= Beginning of Section =

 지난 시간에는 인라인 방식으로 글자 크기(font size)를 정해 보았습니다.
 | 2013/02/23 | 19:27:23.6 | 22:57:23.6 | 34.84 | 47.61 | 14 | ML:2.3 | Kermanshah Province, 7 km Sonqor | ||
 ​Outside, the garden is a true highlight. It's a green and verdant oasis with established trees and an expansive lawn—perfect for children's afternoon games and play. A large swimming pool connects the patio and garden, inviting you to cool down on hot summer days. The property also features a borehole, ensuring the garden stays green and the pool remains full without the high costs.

= End of Section =
= Beginning of Section =

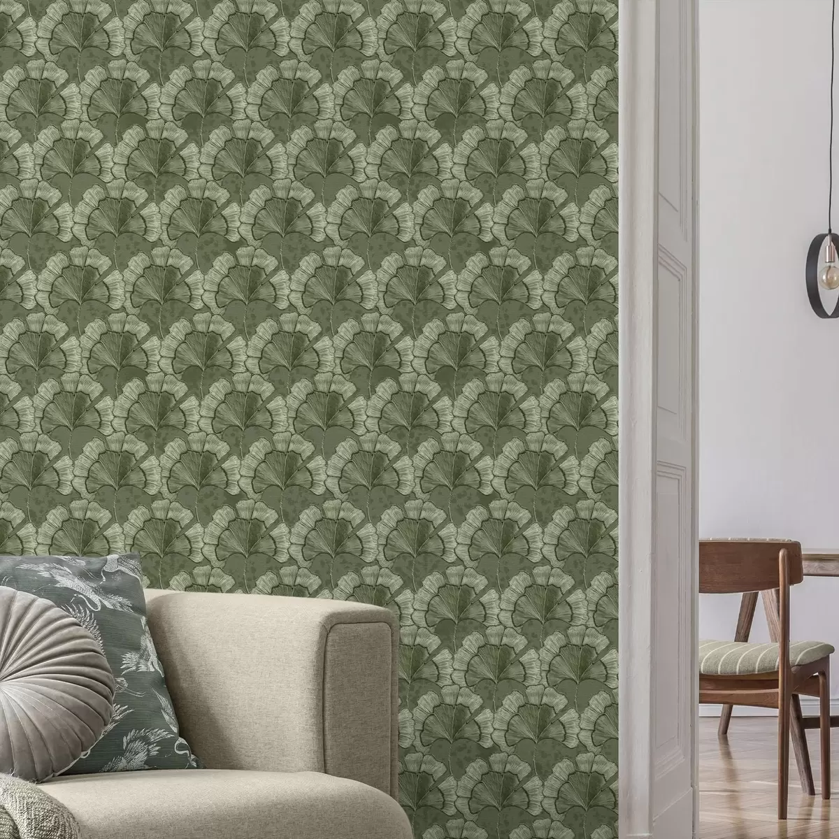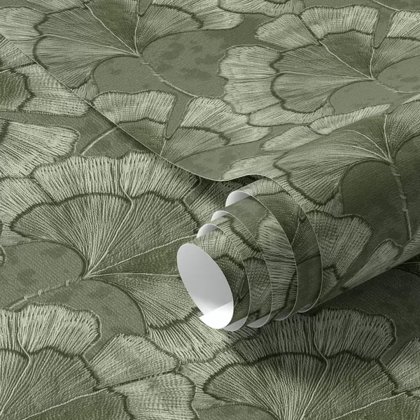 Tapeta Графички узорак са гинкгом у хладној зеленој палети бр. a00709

= End of Section =

Assignment | Above are some records; copy exactly the lines from the one with "지난 시간에는 인라인 방식으로 글자 크기(font size)를 정해 보았습니다." through the one with "Sonqor | ||", both included, and no others.

Exercise response |
 지난 시간에는 인라인 방식으로 글자 크기(font size)를 정해 보았습니다.
 | 2013/02/23 | 19:27:23.6 | 22:57:23.6 | 34.84 | 47.61 | 14 | ML:2.3 | Kermanshah Province, 7 km Sonqor | ||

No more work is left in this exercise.